She went and curled herself up on the window-seat in the small, deeply-recessed window.
That morning when she had looked out, her heart had danced at seeing the bright clear lights on the church tower, which foretold a fine and sunny day.
This evening—sixteen hours at most had past by—she sat down, too full of sorrow to cry, but with a dull cold pain, which seemed to have pressed the youth and buoyancy out of her heart, never to return.
Mr.
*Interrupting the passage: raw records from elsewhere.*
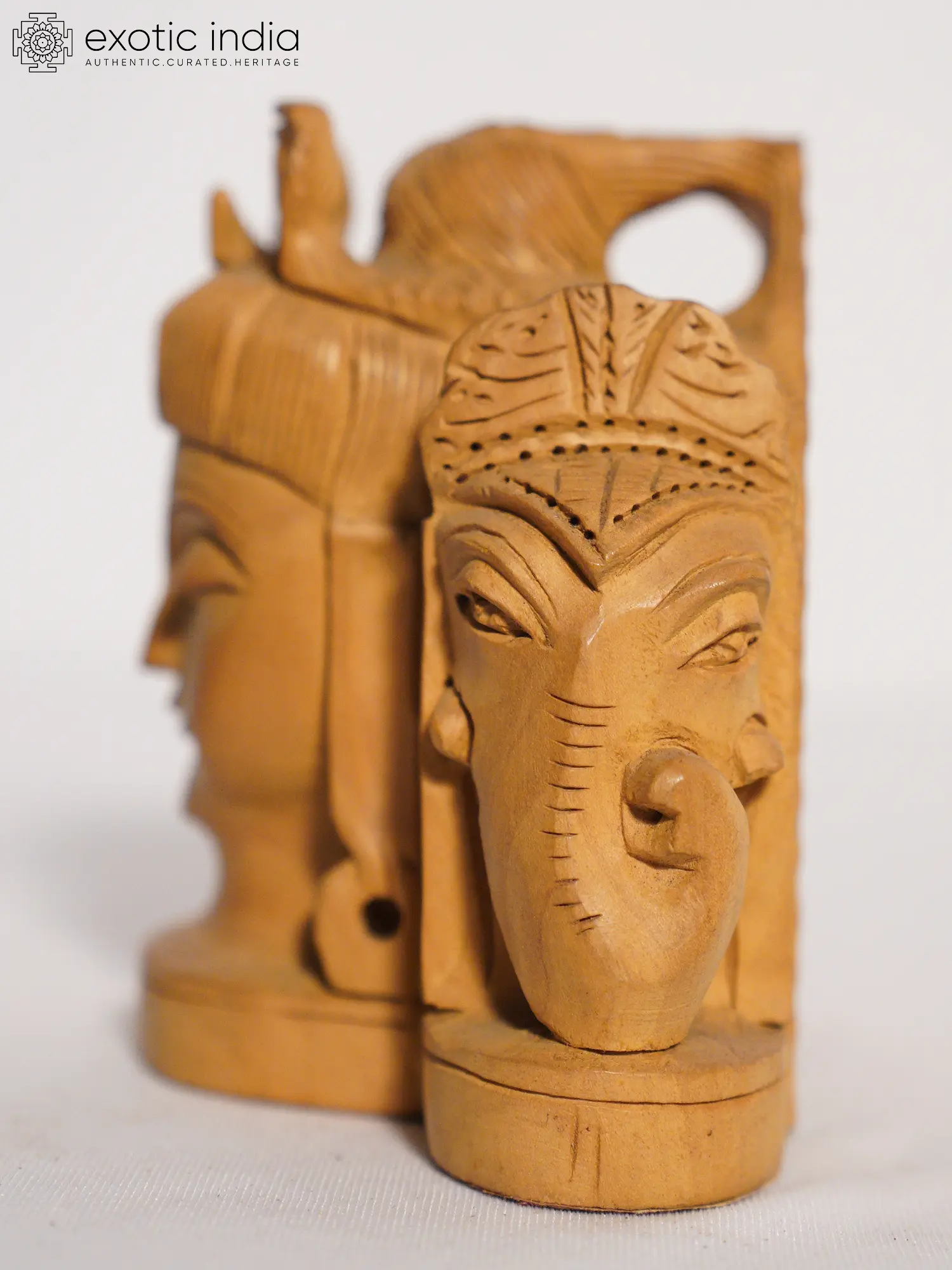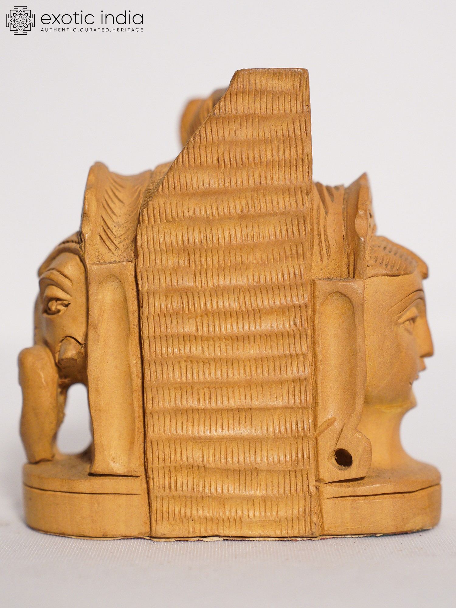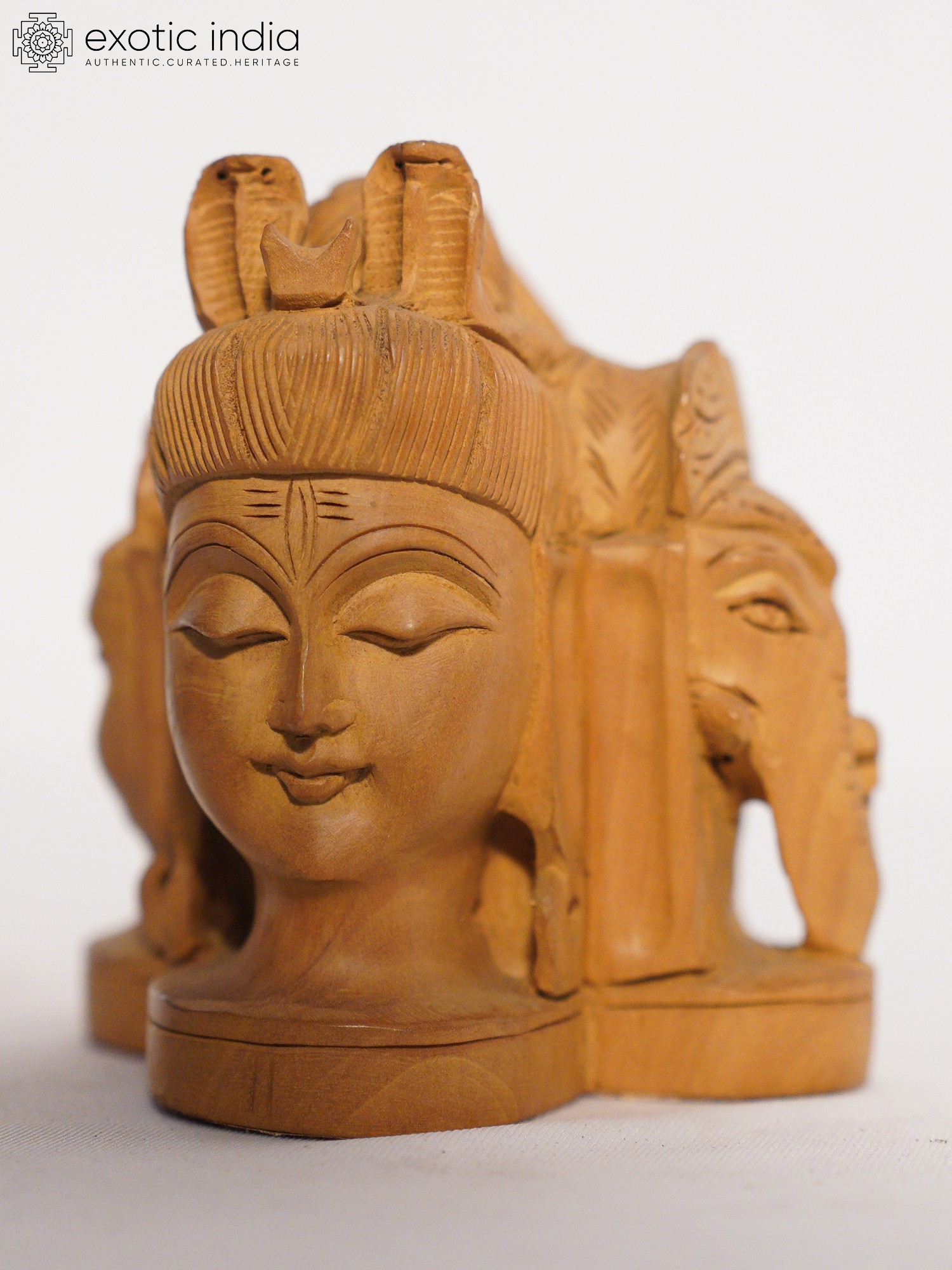 This intricately hand-carved rosewood sculpture unites three prominent figures from the Hindu pantheon: Lord Shiva, Ganesha, and Kartikeya. The warm, natural tones of the wood lend a sense of earthiness and serenity to the depiction, highlighting the fine craftsmanship that brings each deity to life. A skilled artisan has meticulously detailed each face, expressing the unique characteristics and divine essence of these revered beings. Shiva, the destroyer and transformer, takes center stage. His serene, meditative face reflects his role as the supreme ascetic, the cosmic dancer whose Tandava dance creates and destroys universes. The carefully carved details above his brow hint at the third eye, a symbol of wisdom and the power to annihilate negativity.
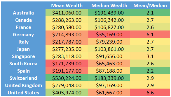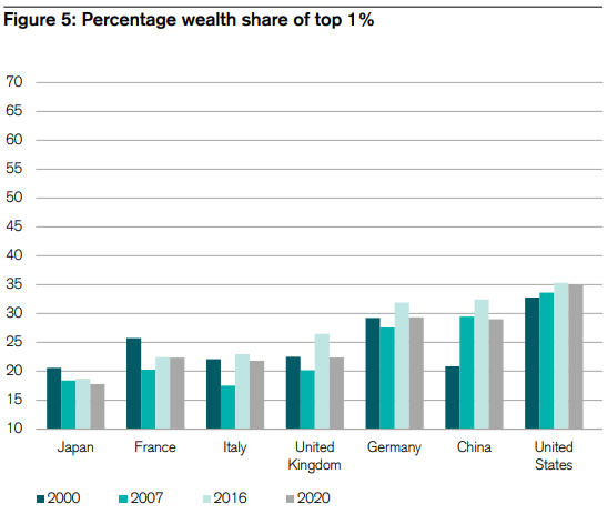 Data Sources: IMF and various central banks Wealth concentration in the US is now higher than just about any other developed nation:
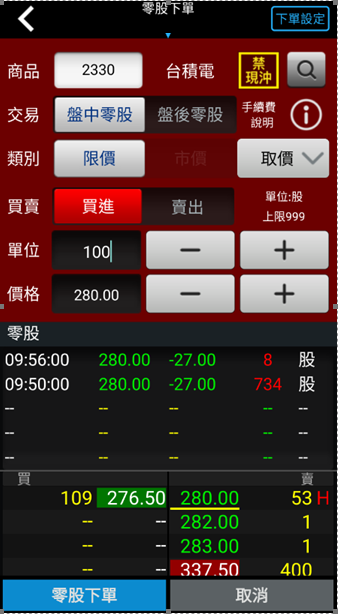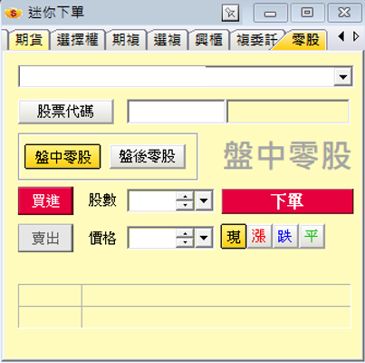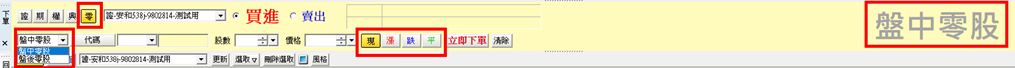 下單列新增【零】按鈕,盤別只提供:盤中零股、盤後零股,並清楚顯示盤中零股、盤後零股字樣

Henry Lennox's visit—his offer—was like a dream, a thing beside her actual life.
The hard reality was, that her father had so admitted tempting doubts into his mind as to become a schismatic—an outcast; all the changes consequent upon this grouped themselves around that one great blighting fact.
She looked out upon the dark-gray lines of the church tower, square and straight in the centre of the view, cutting against the deep blue transparent depths beyond, into which she gazed, and felt that she might gaze for ever, seeing at every moment some farther distance, and yet no sign of God!
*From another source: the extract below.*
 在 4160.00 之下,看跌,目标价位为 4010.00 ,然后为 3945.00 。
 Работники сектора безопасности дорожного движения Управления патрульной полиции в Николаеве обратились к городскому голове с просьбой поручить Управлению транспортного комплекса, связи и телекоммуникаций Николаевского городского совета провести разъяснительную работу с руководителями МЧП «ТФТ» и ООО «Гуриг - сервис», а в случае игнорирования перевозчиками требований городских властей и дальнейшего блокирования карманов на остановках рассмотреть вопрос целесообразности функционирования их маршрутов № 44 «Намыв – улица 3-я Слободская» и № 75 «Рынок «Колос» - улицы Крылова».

It seemed to her at the moment, as if the earth was more utterly desolate than if girt in by an iron dome, behind which there might be the ineffaceable peace and glory of the Almighty: those never-ending depths of space, in their still serenity, were more mocking to her than any material bounds could be—shutting in the cries of earth's sufferers, which now might ascend into that infinite splendour of vastness and be lost—lost for ever, before they reached His throne.
In this mood her father came in unheard.
The moonlight was strong enough to let him see his daughter in her unusual place and attitude.
He came to her and touched her shoulder before she was aware that he was there.
'Margaret, I heard you were up.
I could not help coming in to ask you to pray with me—to say the Lord's Prayer; that will do good to both of us.'
Mr. Hale and Margaret knelt by the window-seat—he looking up, she bowed down in humble shame.
God was there, close around them, hearing her father's whispered words.
Her father might be a heretic; but had not she, in her despairing doubts not five minutes before, shown herself a far more utter sceptic?
She spoke not a word, but stole to bed after her father had left her, like a child ashamed of its fault.
If the world was full of perplexing problems she would trust, and only ask to see the one step needful for the hour.
Mr. Lennox—his visit, his proposal—the remembrance of which had been so rudely pushed aside by the subsequent events of the day—haunted her dreams that night.
He was climbing up some tree of fabulous height to reach the branch whereon was slung her bonnet: he was falling, and she was struggling to save him, but held back by some invisible powerful hand.
He was dead.
And yet, with a shifting of the scene, she was once more in the Harley Street drawing-room, talking to him as of old, and still with a consciousness all the time that she had seen him killed by that terrible fall.
Miserable, unresting night!
Ill preparation for the coming day!
She awoke with a start, unrefreshed, and conscious of some reality worse even than her feverish dreams.
It all came back upon her; not merely the sorrow, but the terrible discord in the sorrow.
Where, to what distance apart, had her father wandered, led by doubts which were to her temptations of the Evil One?
She longed to ask, and yet would not have heard for all the world.
The fine Crisp morning made her mother feel particularly well and happy at breakfast-time.
She talked on, planning village kindnesses, unheeding the silence of her husband and the monosyllabic answers of Margaret.
Before the things were cleared away, Mr. Hale got up; he leaned one hand on the table, as if to support himself:
'I shall not be at home till evening.
I am going to Bracy Common, and will ask Farmer Dobson to give me something for dinner.
I shall be back to tea at seven.'
He did not look at either of them, but Margaret knew what he meant.
By seven the announcement must be made to her mother.
Mr. Hale would have delayed making it till half-past six, but Margaret was of different stuff.
She could not bear the impending weight on her mind all the day long:
better get the worst over; the day would be too short to comfort her mother.
But while she stood by the window, thinking how to begin, and waiting for the servant to have left the room, her mother had gone up-stairs to put on her things to go to the school.
She came down ready equipped, in a brisker mood than usual.
'Mother, come round the garden with me this morning; just one turn,' said Margaret, putting her arm round Mrs. Hale's waist.
They passed through the open window.
Mrs. Hale spoke—said something—Margaret could not tell what.
Her eye caught on a bee entering a deep-belled flower: when that bee flew forth with his spoil she would begin—that should be the sign.
Out he came.
'Mamma!
Papa is going to leave Helstone!' she blurted forth. 'He's going to leave the Church, and live in Milton-Northern.'
There were the three hard facts hardly spoken.
'What makes you say so?' asked Mrs. Hale, in a surprised incredulous voice. 'Who has been telling you such nonsense?'
'Papa himself,' said Margaret, longing to say something gentle and consoling, but literally not knowing how.